• **Data section**:

╭──

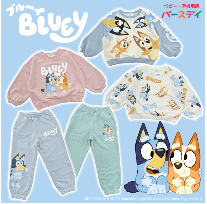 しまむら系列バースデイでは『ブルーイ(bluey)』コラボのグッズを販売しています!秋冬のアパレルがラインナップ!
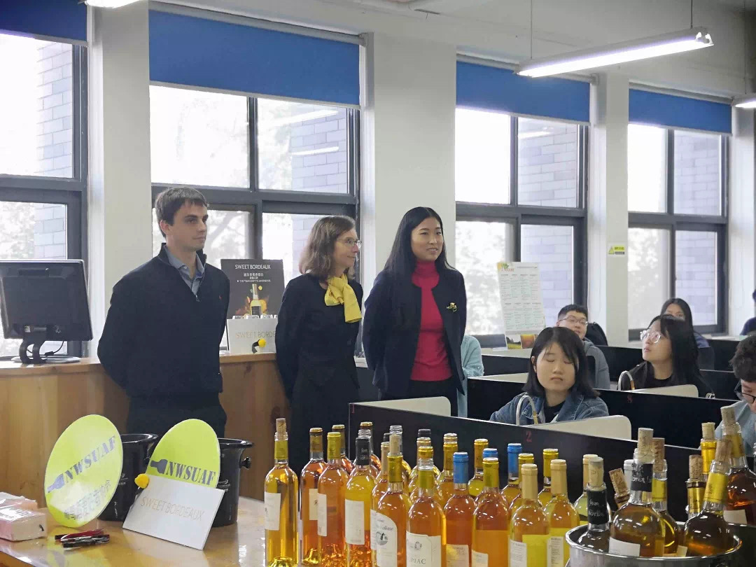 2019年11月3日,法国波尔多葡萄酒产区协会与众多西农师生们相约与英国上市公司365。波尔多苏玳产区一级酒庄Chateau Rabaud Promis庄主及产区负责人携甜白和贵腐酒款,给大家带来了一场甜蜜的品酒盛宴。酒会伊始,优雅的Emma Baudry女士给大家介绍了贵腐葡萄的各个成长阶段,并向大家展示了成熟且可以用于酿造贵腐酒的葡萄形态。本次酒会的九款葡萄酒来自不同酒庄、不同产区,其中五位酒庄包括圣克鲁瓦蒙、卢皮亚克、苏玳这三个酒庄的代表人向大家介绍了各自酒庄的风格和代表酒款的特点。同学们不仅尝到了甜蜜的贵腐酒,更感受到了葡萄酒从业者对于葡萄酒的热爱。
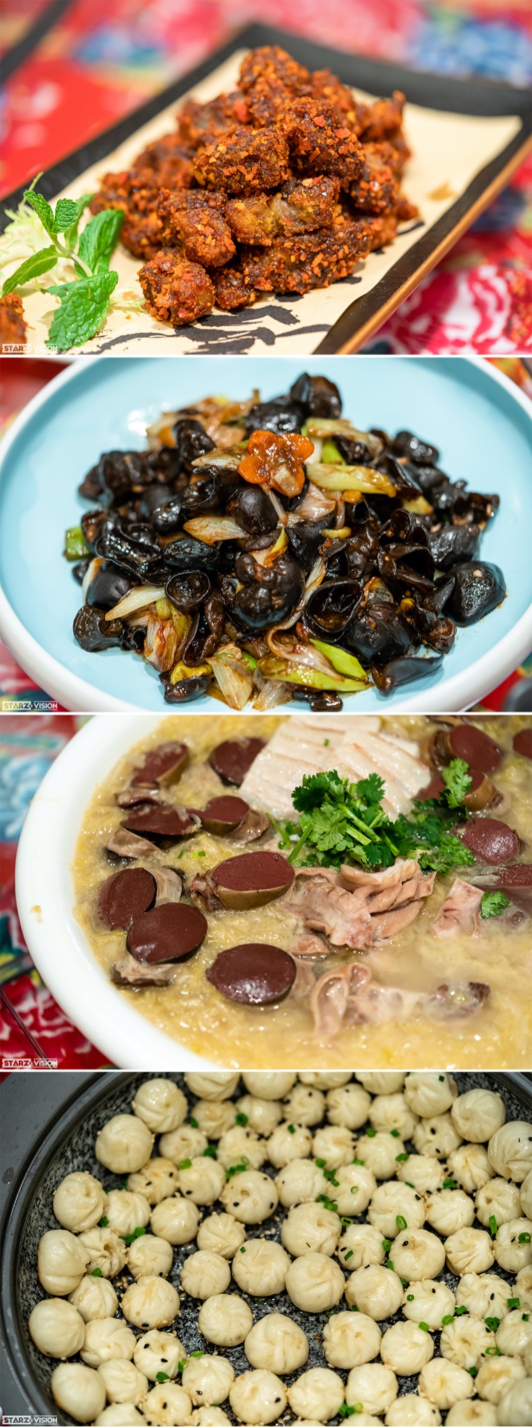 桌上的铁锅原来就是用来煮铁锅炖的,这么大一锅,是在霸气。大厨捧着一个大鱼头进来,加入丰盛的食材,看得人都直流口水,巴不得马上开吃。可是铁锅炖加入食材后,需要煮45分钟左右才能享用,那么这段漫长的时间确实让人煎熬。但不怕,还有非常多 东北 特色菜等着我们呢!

╰──

• **Activity**: Give the preceding data back exactly, minus every picture.

• **Result**:
 しまむら系列バースデイでは『ブルーイ(bluey)』コラボのグッズを販売しています!秋冬のアパレルがラインナップ!
 2019年11月3日,法国波尔多葡萄酒产区协会与众多西农师生们相约与英国上市公司365。波尔多苏玳产区一级酒庄Chateau Rabaud Promis庄主及产区负责人携甜白和贵腐酒款,给大家带来了一场甜蜜的品酒盛宴。酒会伊始,优雅的Emma Baudry女士给大家介绍了贵腐葡萄的各个成长阶段,并向大家展示了成熟且可以用于酿造贵腐酒的葡萄形态。本次酒会的九款葡萄酒来自不同酒庄、不同产区,其中五位酒庄包括圣克鲁瓦蒙、卢皮亚克、苏玳这三个酒庄的代表人向大家介绍了各自酒庄的风格和代表酒款的特点。同学们不仅尝到了甜蜜的贵腐酒,更感受到了葡萄酒从业者对于葡萄酒的热爱。
 桌上的铁锅原来就是用来煮铁锅炖的,这么大一锅,是在霸气。大厨捧着一个大鱼头进来,加入丰盛的食材,看得人都直流口水,巴不得马上开吃。可是铁锅炖加入食材后,需要煮45分钟左右才能享用,那么这段漫长的时间确实让人煎熬。但不怕,还有非常多 东北 特色菜等着我们呢!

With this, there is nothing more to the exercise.